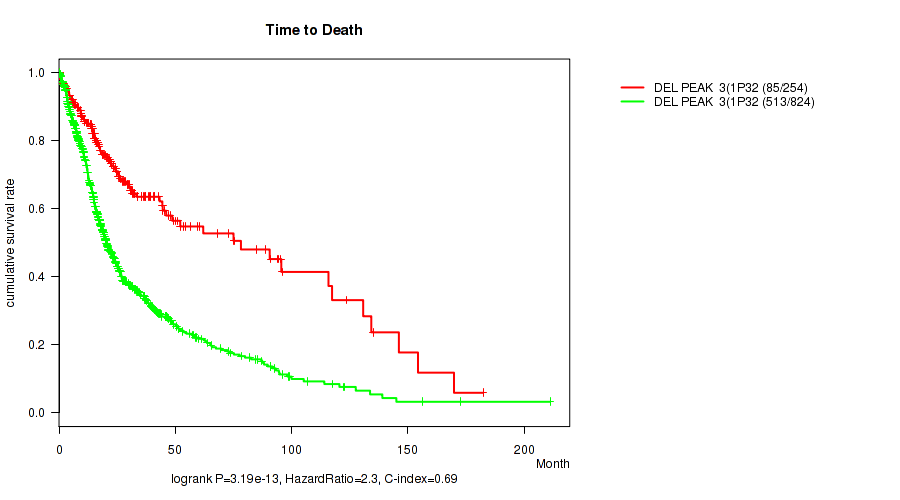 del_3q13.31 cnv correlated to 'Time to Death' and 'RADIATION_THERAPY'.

* * *

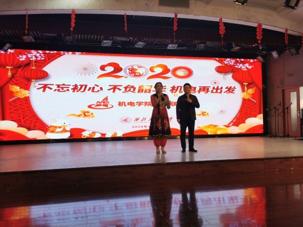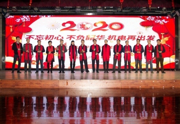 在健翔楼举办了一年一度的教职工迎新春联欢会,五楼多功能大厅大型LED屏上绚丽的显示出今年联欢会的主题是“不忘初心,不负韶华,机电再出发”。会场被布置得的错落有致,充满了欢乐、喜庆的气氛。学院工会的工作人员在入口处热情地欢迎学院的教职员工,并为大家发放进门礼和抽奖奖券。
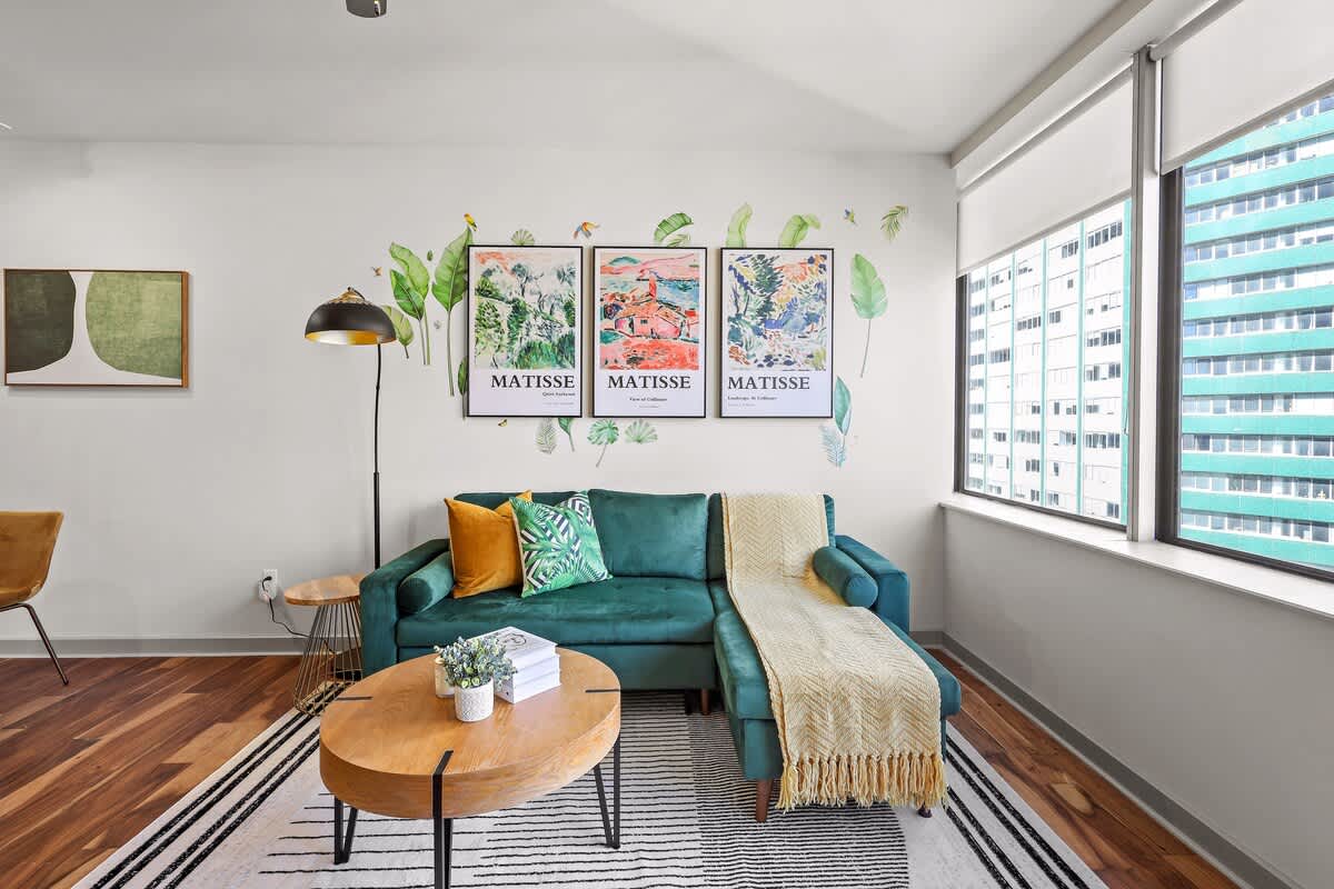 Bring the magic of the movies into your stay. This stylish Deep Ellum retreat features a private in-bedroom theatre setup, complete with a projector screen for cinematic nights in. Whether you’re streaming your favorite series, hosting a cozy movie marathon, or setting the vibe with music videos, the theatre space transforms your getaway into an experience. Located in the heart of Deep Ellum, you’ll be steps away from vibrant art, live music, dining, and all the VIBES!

* * *

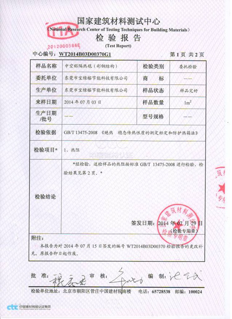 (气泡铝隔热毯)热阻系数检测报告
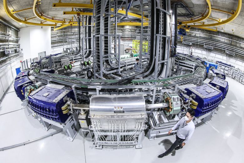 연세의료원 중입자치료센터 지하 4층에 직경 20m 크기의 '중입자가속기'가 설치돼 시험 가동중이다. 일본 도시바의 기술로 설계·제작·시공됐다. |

**Task to carry out**: Above is the material; set down exactly its lines from the one containing "(气泡铝隔热毯)热阻系数检测报告" down to the one containing "연세의료원 중입자치료센터 지하", both included, leaving out any pictures.

**Solution to this problem**:
 (气泡铝隔热毯)热阻系数检测报告
 연세의료원 중입자치료센터 지하 4층에 직경 20m 크기의 '중입자가속기'가 설치돼 시험 가동중이다. 일본 도시바의 기술로 설계·제작·시공됐다. |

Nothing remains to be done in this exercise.